§ **Problem to solve**: Please return the records below exactly as they appear, leaving every picture out.

§ **Data**:
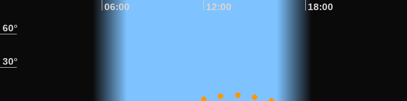 | Aufgang | 11:22 Uhr im Südosten (αAz = 150,7°) |
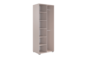 Шкаф оснащён длинными пластиковыми ручками и имеет удобное внутреннее наполнение: слева расположены полки, а справа — две штанги для вешалок. Это позволяет рационально использовать пространство и разместить различные типы одежды.
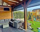 A 45 négyzetméteres terasz a nyári estéken tökéletes helyszín lehet baráti összejövetelekhez vagy egy kellemes könyv olvasásához.
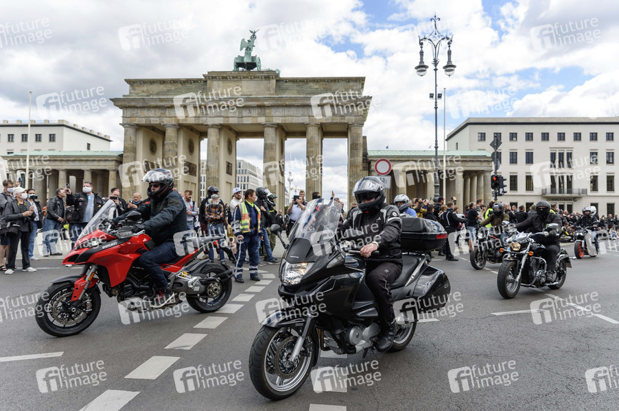 Motorradfahrer protestieren mit einer Sternfahrt zum Brandenburger Tor gegen geplante Fahrverbote an Sonn- und Feiertagen, sowie für den Erhalt des Bestandsschutzes für ältere Motorräder. Berlin, 11.07.2020
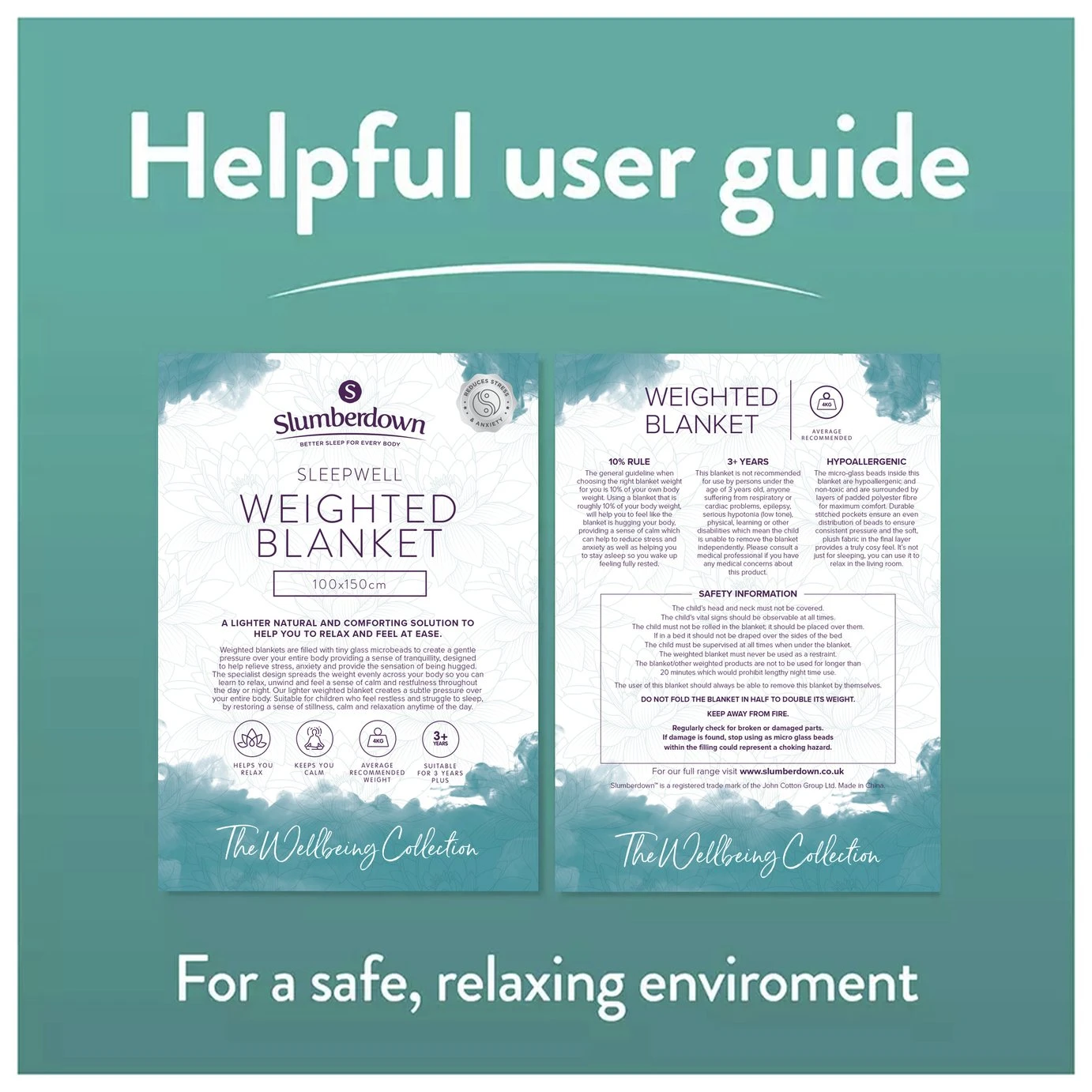 At Slumberdown, we believe everybody deserves a better night’s sleep. The Slumberdown 4kg Weighted Blanket is part of our Wellbeing range and is ideal for anytime of the day or night. Weighted blankets are known to help improve sleep quality and can be used to relive stress and anxiety. The lovely soft grey blanket is filled with glass microbeads creating a gentle pressure over your entire body giving the sensation of being hugged, this allows you to relax, unwind and feel a sense of calm and restfulness.

§ **Exercise output**:
 | Aufgang | 11:22 Uhr im Südosten (αAz = 150,7°) |
 Шкаф оснащён длинными пластиковыми ручками и имеет удобное внутреннее наполнение: слева расположены полки, а справа — две штанги для вешалок. Это позволяет рационально использовать пространство и разместить различные типы одежды.
 A 45 négyzetméteres terasz a nyári estéken tökéletes helyszín lehet baráti összejövetelekhez vagy egy kellemes könyv olvasásához.
 Motorradfahrer protestieren mit einer Sternfahrt zum Brandenburger Tor gegen geplante Fahrverbote an Sonn- und Feiertagen, sowie für den Erhalt des Bestandsschutzes für ältere Motorräder. Berlin, 11.07.2020
 At Slumberdown, we believe everybody deserves a better night’s sleep. The Slumberdown 4kg Weighted Blanket is part of our Wellbeing range and is ideal for anytime of the day or night. Weighted blankets are known to help improve sleep quality and can be used to relive stress and anxiety. The lovely soft grey blanket is filled with glass microbeads creating a gentle pressure over your entire body giving the sensation of being hugged, this allows you to relax, unwind and feel a sense of calm and restfulness.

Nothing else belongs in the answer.